Que me mandaran a la cocina -un lugar escondido del resto- era como bajarme de categoría. En atención al cliente, aunque las cosas eran aburridas, los demás me veían, y en una profesión como la mía -Administración de empresas- lo que importaba era que siempre te vieran. ‘Presta atención, este será tu rincón, el de la plancha. Cuida de voltear los filetes no más de tres veces porque perderán el jugo’, me dijo el encargado. Pero yo no podía estar atento porque tras de mí -en cada corte que oía, en cada plato que se servía, en el ir y venir de los cocineros que parecían soldados en guerra-, se desplegaba toda una sinfonía de emociones que me recordaban algo que creí perdido. Estudié administración por la adrenalina que el mundo de los negocios representaba. Pero cuando egresé y empecé a trabajar, era totalmente distinto. El mercado laboral no necesitaba creatividad, compañerismo, liderazgo, toma de riesgo y todo aquello por lo que seguí la carrea. Lo que buscaba eran personas funcionales a una manera prestablecida de hacer las cosas y eso no era algo que me interesaba. Aburrido, apenas habiendo cumplido veinticinco años, me sentía viejo y cansado.
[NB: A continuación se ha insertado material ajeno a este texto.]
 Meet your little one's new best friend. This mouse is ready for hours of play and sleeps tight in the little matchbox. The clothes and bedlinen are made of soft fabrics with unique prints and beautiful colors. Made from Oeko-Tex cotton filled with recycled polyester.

'Oye, pendejo, tienes que apurarte con esas carnes porque estamos por ocupar el pedido’, sentí la voz del encargado como un cosquilleo que hizo saltar mis sentidos. Las cosas en cocina eran así: intensas, inesperadas, cargadas de energía, reales. En ‘Atención al cliente’ era impensable que alguien me hablara así, digamos, tan espontaneo. Las personas en esa área ocultaban lo que pensaban y sentían porque siempre era más importante lo que se veía. Al estar fuera de la zona ‘visible’, el equipo que trabajaba en cocina manejaba una confianza insuperable que no solo pasaba por apoyar al otro en hacer bien su trabajo -un plato no es un resultado aislado, es la suma de varios esfuerzos-, sino además por conversaciones honestas en las que podías compartir tu día a día mientras trabajabas, y esa era una gran manera de canalizar energías y seguir. Todos ahí éramos distintos, había algunos con aspiraciones artísticas, otros con espíritu de comerciante, y otros -como yo- que trataban de encontrar su lugar en el mundo. Pero pese a las diferencias de nuestros gustos y orígenes los lazos que formábamos eran cercanos porque tenían como origen el alma. ‘Ya va, ya va, ya casi termino’, le respondí al encargado, que por quinta vez me apuraba con el pedido. Pero era mentira, no estaba por terminar pronto, o al menos no tan pronto como él esperaba, porque intentaba algo nuevo y eso siempre lleva un poco más de tiempo. Esa era otra de las cosas que disfrutaba de estar en cocina: el reto de lo nuevo. No era raro recibir un pedido rotulado con la palabra ‘Sorpréndeme’. Entonces dejaba volar la imaginación, el coraje de probar un ingrediente nuevo y tal vez fallar, pero pese a ello, siempre intentar. Como te decía, en mi antigua área no había espacio para la novedad, estaba prohibida. Si algo que la jefa mandaba yo lo sabía hacer de manera más fácil y rápida, ella se oponía porque decía que siempre debía como ella mandaba, y eso era algo que me frustraba.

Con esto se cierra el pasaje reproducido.